I am using minfi to analyze the results of an EPIC array. To check differential methylation I decided to look for differentially methylated regions (DMRs) using bumphunter as recommended.

`bumphunter`

function returns candidate DMRs with several columns of information including `value`

and `area`

(clarification in this biostars post).

For 2 groups, `value`

column is the average of the coefficients of the linear model calculated for each site within the DMR while `area`

column is the sum of all coefficients.
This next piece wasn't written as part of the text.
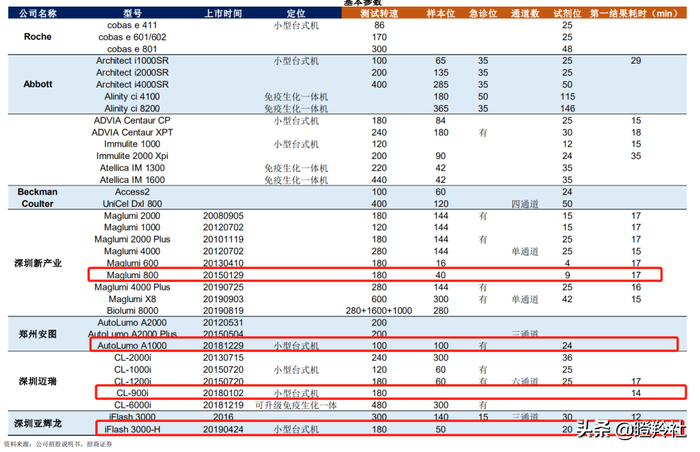● 高端机型比较:在高端主力机层面,亚辉龙iFlash3000系列主要性能的单机测试速度、样本位、试剂位等指标已经媲美进口厂商,但总体上在测试速度和效率上略劣于新产业和迈瑞的主力机。

This can be easily checked by calculating the difference, between the 2 groups, of the mean value (M or beta) for each methylation site of the DMR and then averaging (`value`

column) or summing (`area`

column) these differences.

Thus, a positive `value`

indicates more methylation in the non-control group, and the opposite for a negative `value`

. Until here, everything is clear and makes sense.

My problem is that I have 3 groups, say control, drug A and drug B for example. But, `bumphunter`

still returns a unique `value`

and `area`

. How do you interpret the `value`

and `area`

of each candidate DMR? What do they mean in terms methylation levels in each group? How would you filter them to get biological information?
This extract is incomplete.